[Available data]
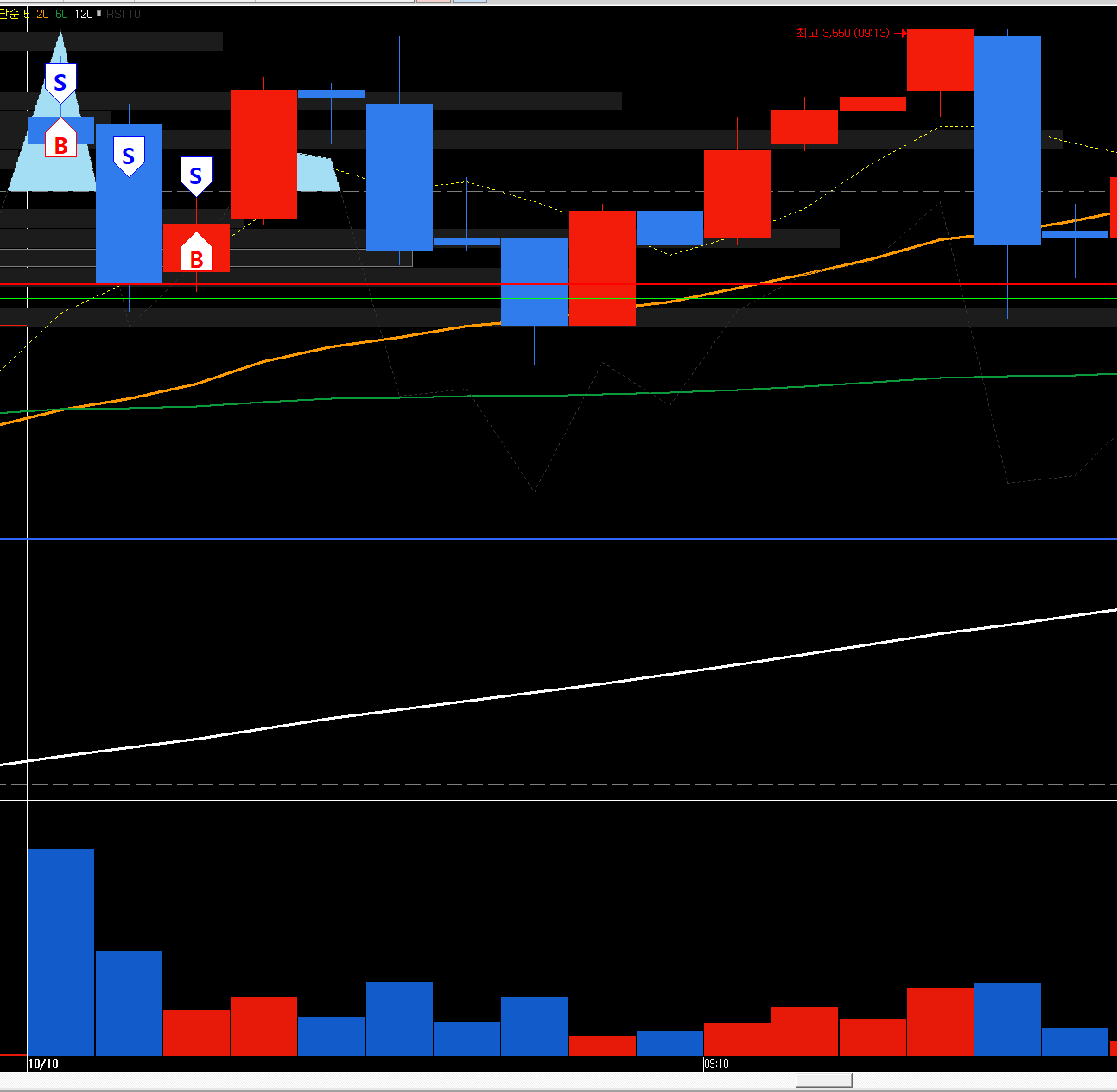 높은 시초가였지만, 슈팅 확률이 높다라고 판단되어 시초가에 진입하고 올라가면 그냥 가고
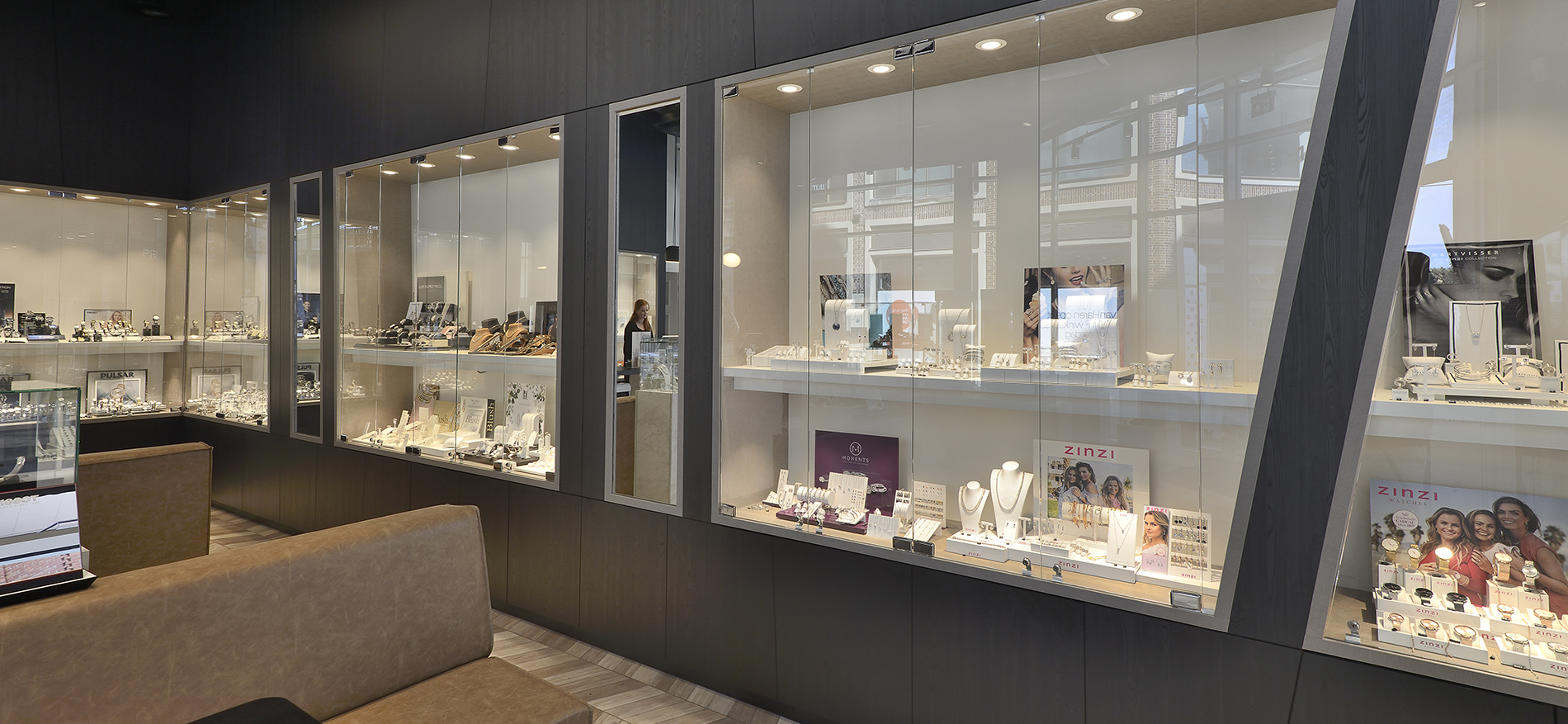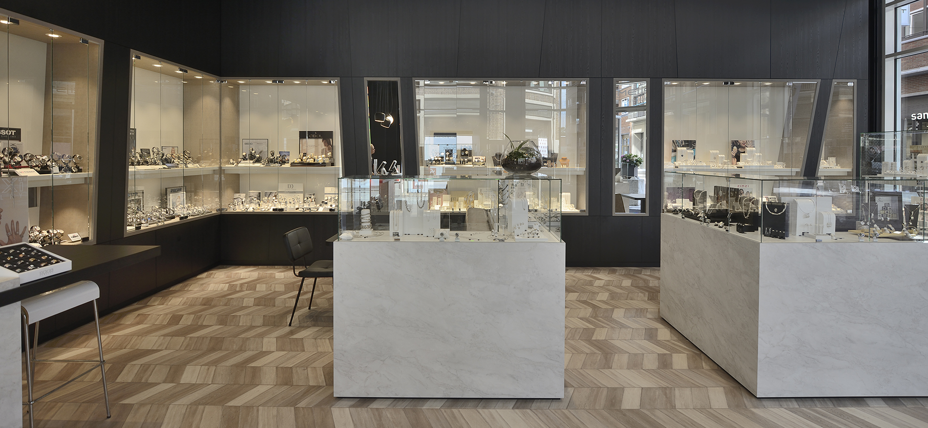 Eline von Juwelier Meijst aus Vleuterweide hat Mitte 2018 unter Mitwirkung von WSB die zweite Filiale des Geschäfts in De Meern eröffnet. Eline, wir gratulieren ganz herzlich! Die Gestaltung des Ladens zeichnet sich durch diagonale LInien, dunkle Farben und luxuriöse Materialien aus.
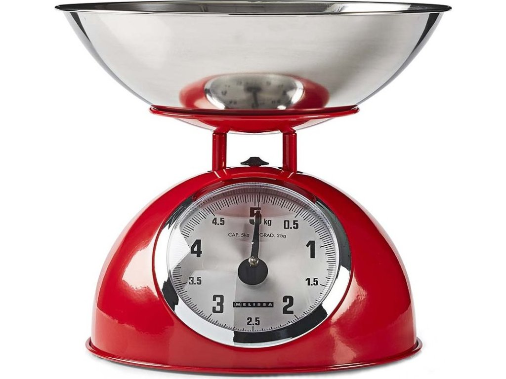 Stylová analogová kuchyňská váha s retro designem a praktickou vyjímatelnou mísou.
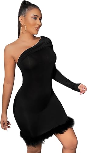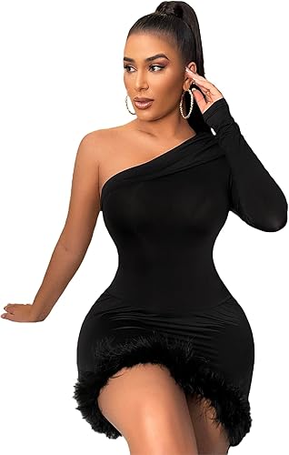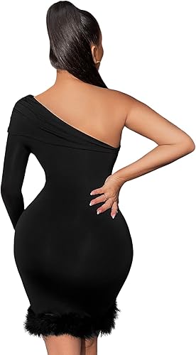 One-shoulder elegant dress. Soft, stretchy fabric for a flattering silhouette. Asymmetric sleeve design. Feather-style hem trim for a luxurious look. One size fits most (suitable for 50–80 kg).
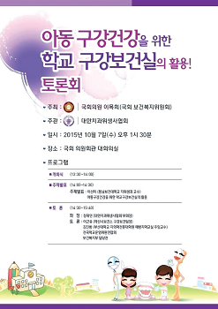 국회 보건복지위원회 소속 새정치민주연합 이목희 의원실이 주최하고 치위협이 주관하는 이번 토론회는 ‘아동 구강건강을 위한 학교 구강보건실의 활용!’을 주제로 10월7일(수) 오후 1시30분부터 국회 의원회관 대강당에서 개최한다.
[/Available data]
[Available data]
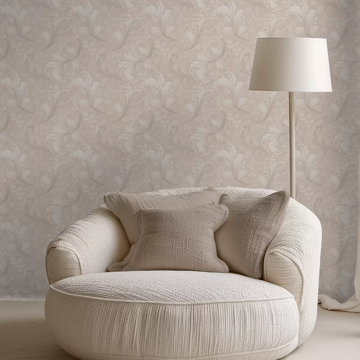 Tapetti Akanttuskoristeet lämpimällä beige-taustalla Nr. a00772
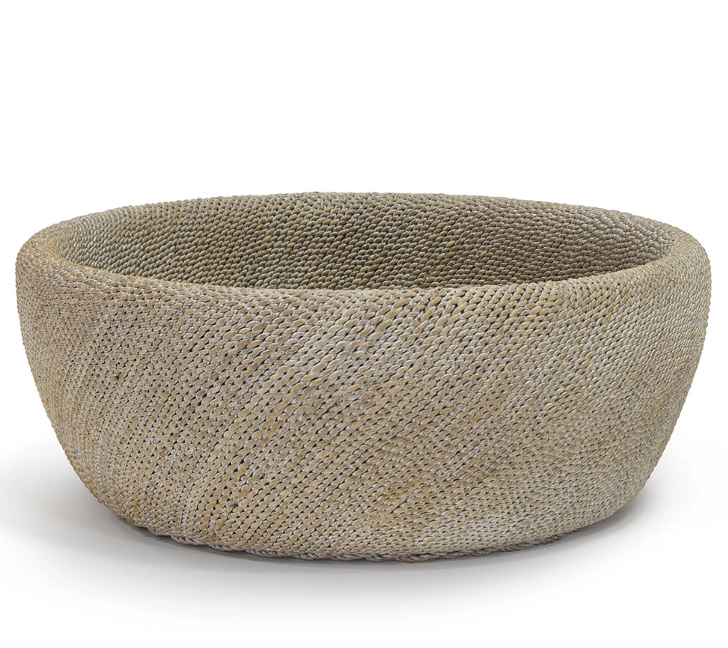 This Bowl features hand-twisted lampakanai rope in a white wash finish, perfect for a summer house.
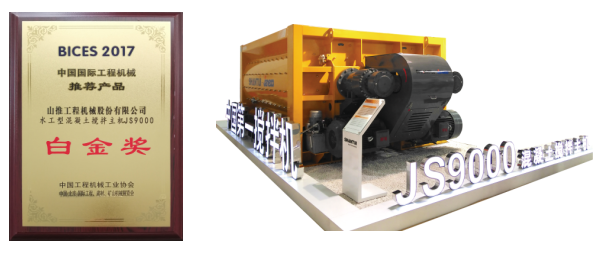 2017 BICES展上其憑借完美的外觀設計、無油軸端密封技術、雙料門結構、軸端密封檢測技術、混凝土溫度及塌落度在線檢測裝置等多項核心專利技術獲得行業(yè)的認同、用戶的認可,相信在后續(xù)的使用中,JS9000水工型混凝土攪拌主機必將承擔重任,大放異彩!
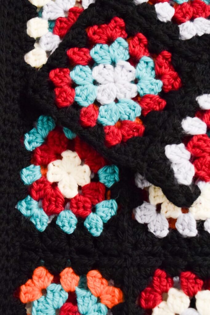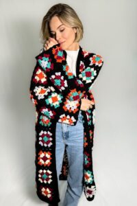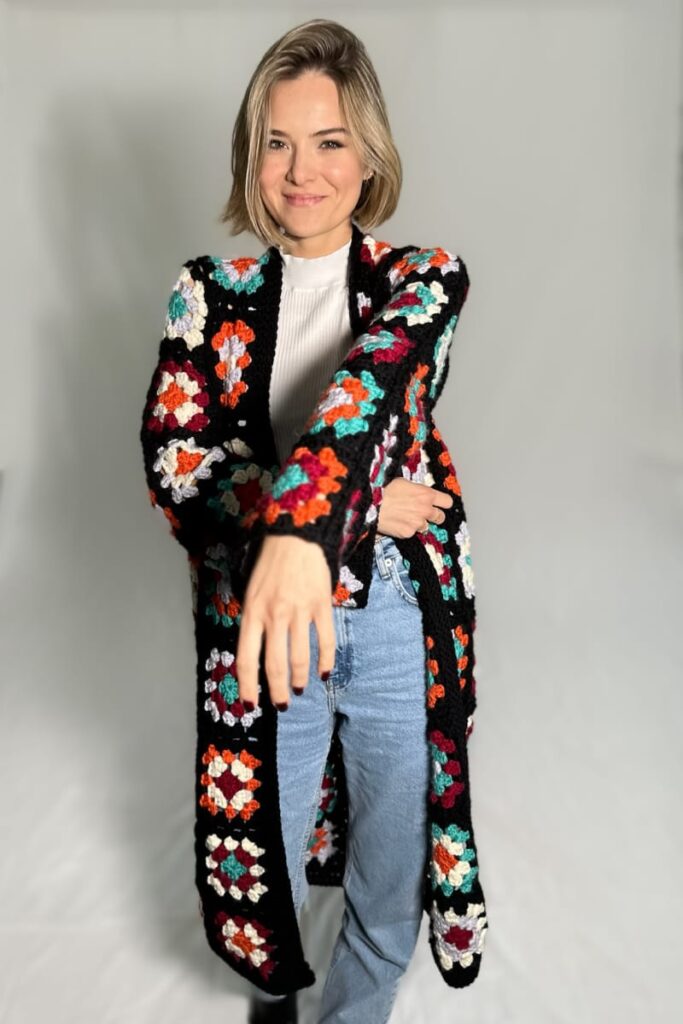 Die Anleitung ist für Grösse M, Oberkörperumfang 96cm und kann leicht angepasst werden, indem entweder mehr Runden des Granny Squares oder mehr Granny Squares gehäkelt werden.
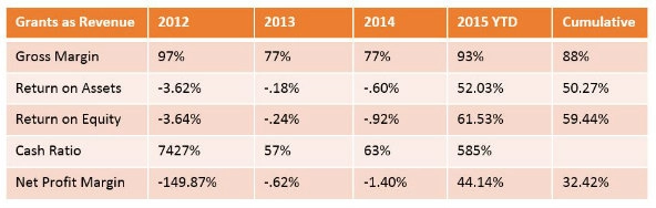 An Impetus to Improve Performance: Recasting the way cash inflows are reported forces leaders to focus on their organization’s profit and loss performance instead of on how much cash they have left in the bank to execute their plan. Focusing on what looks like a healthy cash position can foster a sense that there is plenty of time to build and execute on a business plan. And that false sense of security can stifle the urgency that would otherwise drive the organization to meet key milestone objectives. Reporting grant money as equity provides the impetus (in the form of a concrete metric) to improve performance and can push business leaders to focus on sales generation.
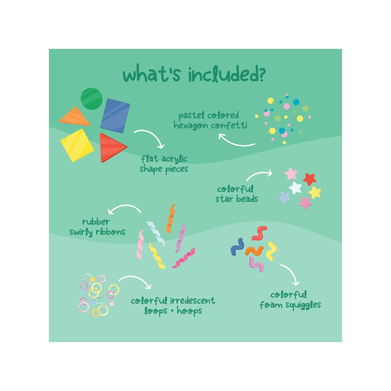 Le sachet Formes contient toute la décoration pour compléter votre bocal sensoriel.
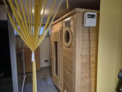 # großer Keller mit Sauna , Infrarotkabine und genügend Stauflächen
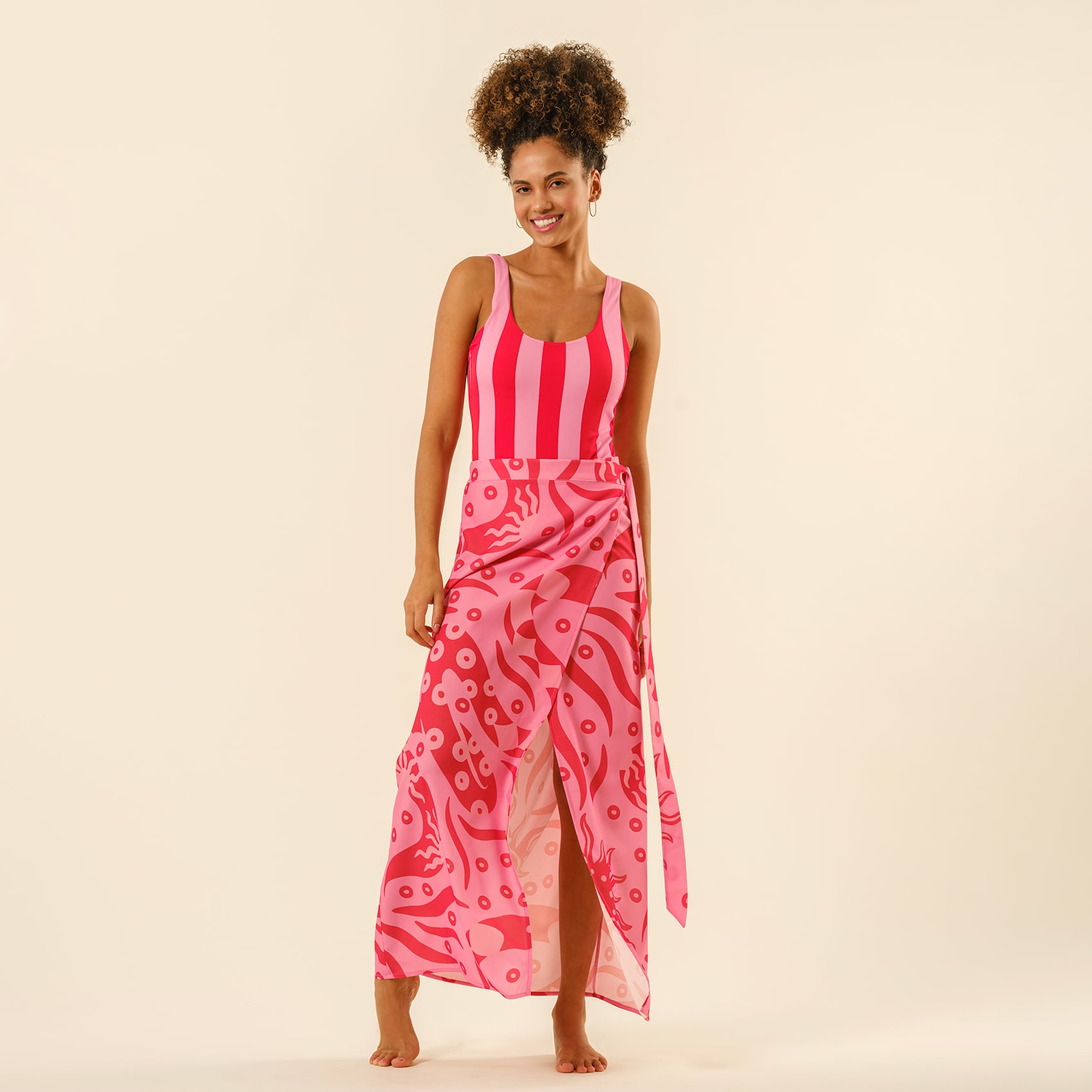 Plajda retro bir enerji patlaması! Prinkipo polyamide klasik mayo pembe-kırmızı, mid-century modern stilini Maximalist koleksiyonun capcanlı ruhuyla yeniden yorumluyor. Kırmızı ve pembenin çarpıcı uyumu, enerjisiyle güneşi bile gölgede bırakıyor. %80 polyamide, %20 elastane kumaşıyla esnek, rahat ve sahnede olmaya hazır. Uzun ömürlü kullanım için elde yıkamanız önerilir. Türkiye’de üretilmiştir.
[/Available data]
[Available data]
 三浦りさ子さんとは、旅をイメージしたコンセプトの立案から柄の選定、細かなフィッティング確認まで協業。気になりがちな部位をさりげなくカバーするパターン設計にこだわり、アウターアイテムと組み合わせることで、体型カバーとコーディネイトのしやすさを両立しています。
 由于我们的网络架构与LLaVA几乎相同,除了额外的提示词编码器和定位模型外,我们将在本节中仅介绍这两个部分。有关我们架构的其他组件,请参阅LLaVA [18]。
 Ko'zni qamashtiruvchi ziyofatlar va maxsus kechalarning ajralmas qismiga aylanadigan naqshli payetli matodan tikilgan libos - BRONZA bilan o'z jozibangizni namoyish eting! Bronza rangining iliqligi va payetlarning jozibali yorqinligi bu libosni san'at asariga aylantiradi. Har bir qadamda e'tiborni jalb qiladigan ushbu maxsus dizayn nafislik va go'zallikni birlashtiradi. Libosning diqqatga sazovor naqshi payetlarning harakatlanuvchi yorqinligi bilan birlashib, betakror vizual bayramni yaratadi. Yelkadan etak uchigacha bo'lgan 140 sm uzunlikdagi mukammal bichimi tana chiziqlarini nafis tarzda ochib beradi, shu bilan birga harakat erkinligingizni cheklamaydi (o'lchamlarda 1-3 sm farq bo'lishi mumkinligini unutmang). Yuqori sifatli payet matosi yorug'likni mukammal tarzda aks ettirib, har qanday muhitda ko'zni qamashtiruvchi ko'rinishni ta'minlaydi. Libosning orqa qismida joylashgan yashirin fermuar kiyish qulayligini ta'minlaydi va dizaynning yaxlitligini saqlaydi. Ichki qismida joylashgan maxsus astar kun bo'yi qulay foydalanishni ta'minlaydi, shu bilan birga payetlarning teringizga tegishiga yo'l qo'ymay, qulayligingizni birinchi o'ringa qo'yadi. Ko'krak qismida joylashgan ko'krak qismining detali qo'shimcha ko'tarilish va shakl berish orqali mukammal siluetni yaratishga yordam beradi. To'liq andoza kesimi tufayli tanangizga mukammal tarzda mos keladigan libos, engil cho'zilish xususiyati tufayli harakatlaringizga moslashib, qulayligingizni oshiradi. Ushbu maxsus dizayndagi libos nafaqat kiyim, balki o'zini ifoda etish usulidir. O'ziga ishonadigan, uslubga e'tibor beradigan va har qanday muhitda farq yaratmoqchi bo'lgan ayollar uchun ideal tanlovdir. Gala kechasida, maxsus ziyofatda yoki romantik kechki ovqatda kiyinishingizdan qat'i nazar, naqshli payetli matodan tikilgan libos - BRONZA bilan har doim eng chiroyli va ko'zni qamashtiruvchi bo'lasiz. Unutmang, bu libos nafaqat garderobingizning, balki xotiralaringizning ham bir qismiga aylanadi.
[/Available data]
**Exercise details:**
Copy exactly, without pictures, the lines above from the one with "This Bowl features" down to the one with "Die Anleitung ist", inclusive.

**Task output:**
 This Bowl features hand-twisted lampakanai rope in a white wash finish, perfect for a summer house.
 2017 BICES展上其憑借完美的外觀設計、無油軸端密封技術、雙料門結構、軸端密封檢測技術、混凝土溫度及塌落度在線檢測裝置等多項核心專利技術獲得行業(yè)的認同、用戶的認可,相信在后續(xù)的使用中,JS9000水工型混凝土攪拌主機必將承擔重任,大放異彩!
 Die Anleitung ist für Grösse M, Oberkörperumfang 96cm und kann leicht angepasst werden, indem entweder mehr Runden des Granny Squares oder mehr Granny Squares gehäkelt werden.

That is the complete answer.